- **DATA SHOWN**:
________

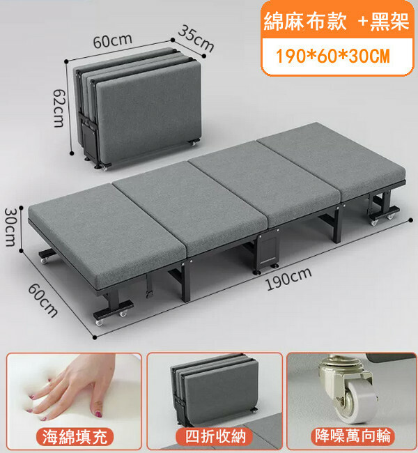 新款鐵藝傢具 摺疊床 兒童床 休閑床 【棉麻布+海棉款+黑架】60x190cm
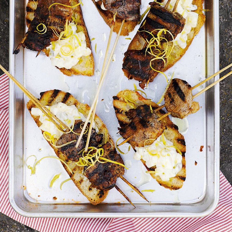 - Grillaa keskilämmöllä, välillä käännellen noin 15 minuuttia. Tarkista veitsellä, että lihat ovat kypsiä. Paahda leipiin kaunis pinta. Voit halutessasi valuttaa leiville hieman öljyä.
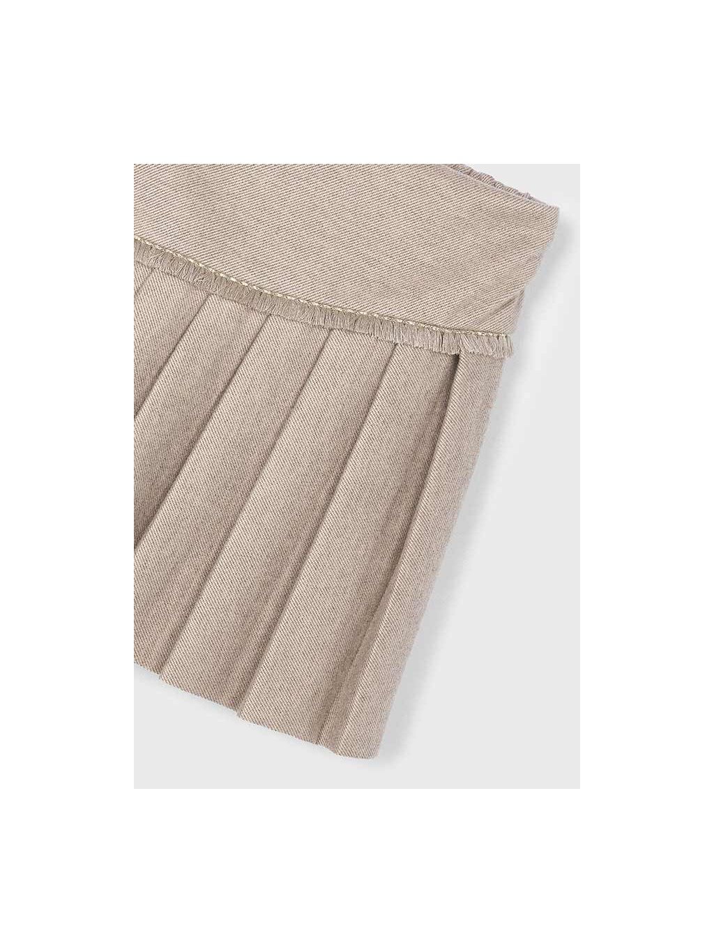 Mayoral dívčí látkový skládaný skort s leskem. V pase má skort pružnou, měkkou gumu. Na přední straně má třepení, sklady jsou z obou stran.

________

- **WHAT THE EXERCISE ASKS**: Your copy should hold only the lines running from the one that contains "- Grillaa keskilämmöllä, välillä" through the final line of the data; transcribe them exactly, both ends included, and leave pictures out.

- **EXERCISE SOLUTION**:
 - Grillaa keskilämmöllä, välillä käännellen noin 15 minuuttia. Tarkista veitsellä, että lihat ovat kypsiä. Paahda leipiin kaunis pinta. Voit halutessasi valuttaa leiville hieman öljyä.
 Mayoral dívčí látkový skládaný skort s leskem. V pase má skort pružnou, měkkou gumu. Na přední straně má třepení, sklady jsou z obou stran.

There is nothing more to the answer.